For the rent of land to be collected publicly, land must be assessed, and then reassessed regularly. The assessment process is simplified by the fact that land rental values tend to change smoothly with location. Initially, a map of the value of land can be made by auctioning scattered sites on a rental basis, and then interpolating for the value of other sites, based on the experience of Western appraisers and assessors regarding the manner in which the value of land varies systematically. To update assessments in future years, the assessment office would auction sites that had been relinquished by their users, or sites with improvements that were almost fully depreciated, that had been acquired in voluntary transactions. Interpolation would again be used to estimate the rent of sites that had not been transferred.
With all or nearly all of the rent of land collected publicly, it would be necessary to guard against the possibility that users of land with fully depreciated improvements would abandon their property, leaving the State to demolish the improvements in preparation for the next use of the site. This potential problem can be avoided by requiring every user of land to post a government bond as a "security deposit" that the land will not be abandoned in a run-down condition. Interest on the bond could be applied to the annual rent.
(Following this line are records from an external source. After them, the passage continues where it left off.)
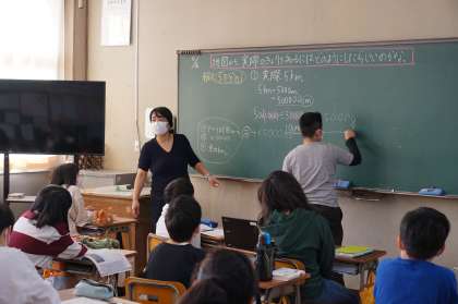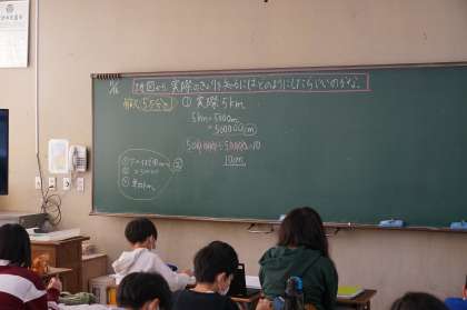 6年1組算数の授業です。地図から実際の距離を計算する方法を学んでいます。縮尺5万分の1で、5kmは何cmで表されるのでしょう。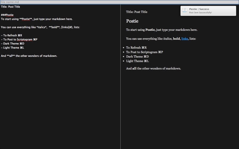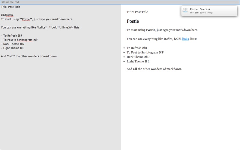 You can easily write your posts in Markdown and then post directly to Scriptogram with Command + P.
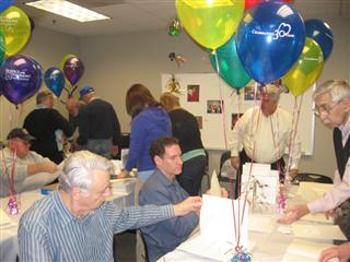 (Above) Charlottesville Service Night at Hospice. At their monthly service night in January, two dozen Charlottesville Kiwanians along with four members of CKI at the University of Virginia pitched in to help the Hospice of the Piedmont get ready for their gala thirtieth anniversary celebration. Pictured in the foreground are Kiwanians Gene Colligan , David Stackpole, and Anthony Hastoglis compiling 300 information packets under the able direction of membership chair Bob Pflugfelder. Kiwanis has designated Hospice of the Piedmont as the beneficiary of their 6th annual Dogwood Pancake Breakfast scheduled for April 24. Hospice offers a unique program called Journeys, where, throughout the year, grief support groups for children and teens are facilitated by registered art therapists and bereavement counselors who use art and other creative means to help children express their inner feelings.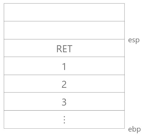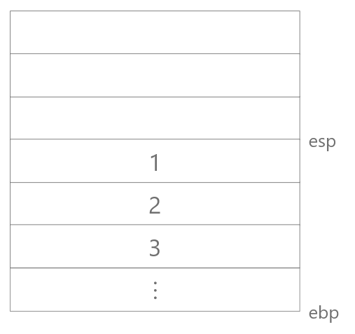 3, 2, 1 순서대로 인자를 스택에 푸시한 뒤,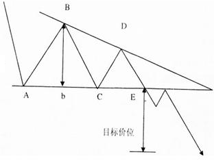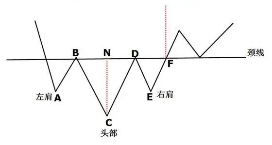 两肩形成的时间要对称。目标价位为头部到颈线BD的垂直距离下跌目标从F点算起≥CN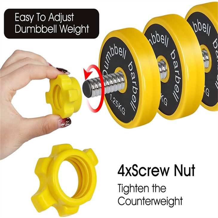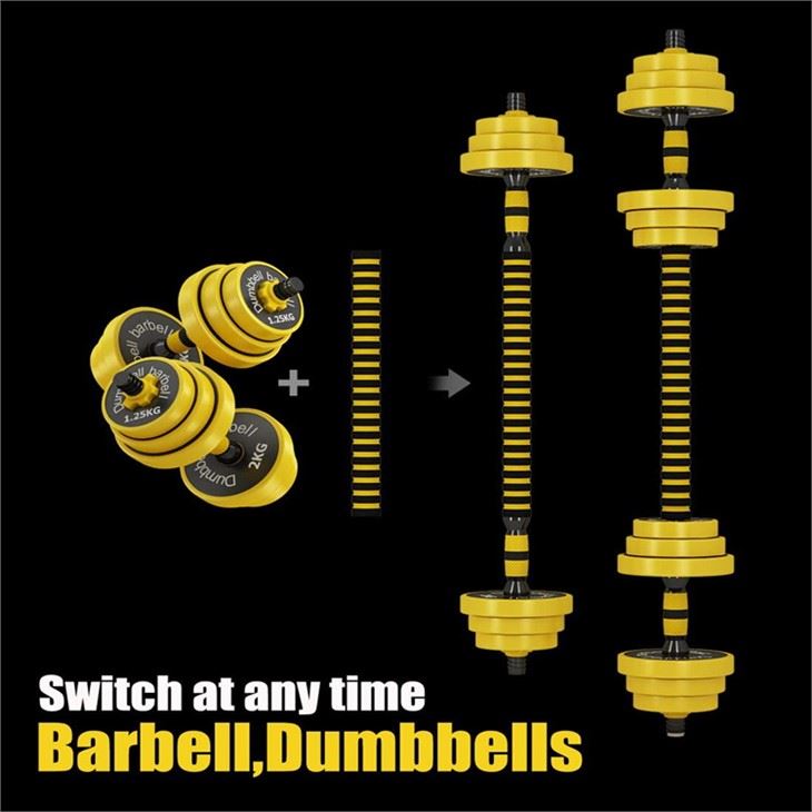 FASHION COLOR COATED EYE-CATCHING DESIGNAdjustable 2 in 1 Dumbbell Barbell is made of embossed weight plates with obvious weight markings, coated with a black paint finish to prevent rust and corrosion. And particularly, yellow TPU protective cover on the dumbbell to provide essential grip and security during workouts, and that will protect floors and equipment from being scratched, scuffed, and dented.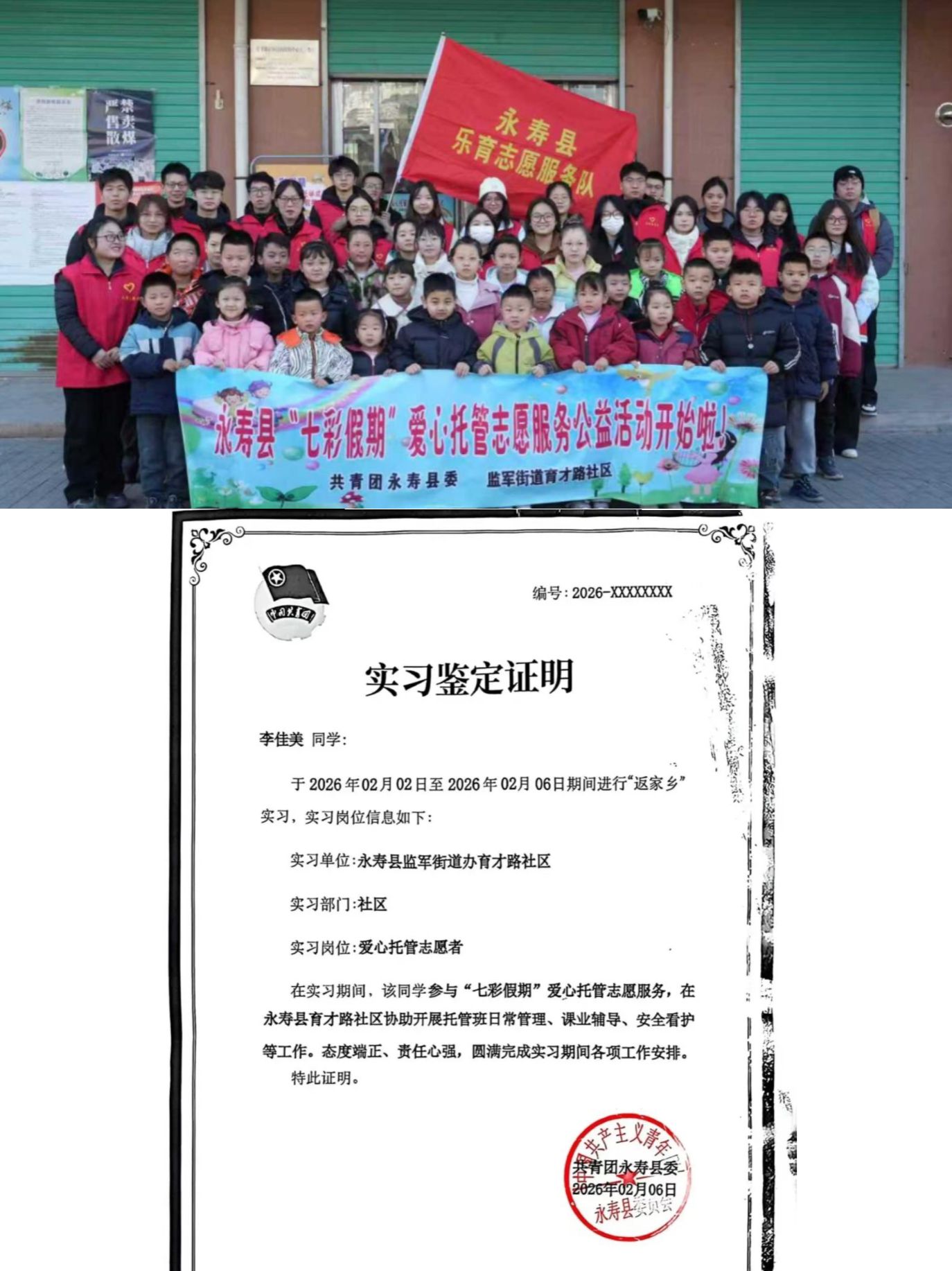 实践心得:2月2日至8日,我在永寿县监军街道办育才路社区 “七彩假期” 爱心托管班开展返家乡志愿服务,为留守儿童和新就业群体子女提供学业辅导、安全看护等服务,短短一周的实践,让我收获颇丰、感悟良多。

Collection of the rent of land is best managed by local governments, but justice, as well as efficiency in migration incentives, requires that the part of rent that is attributable to nature rather than community development be shared on an equal per capita basis. Thus there is need of clearinghouse mechanism, into which all localities would deposit collections of rent from nature in excess of the average per capita amount, and from which other localities would receive compensation for their deficiencies of rent from nature, relative to the average per capita amount.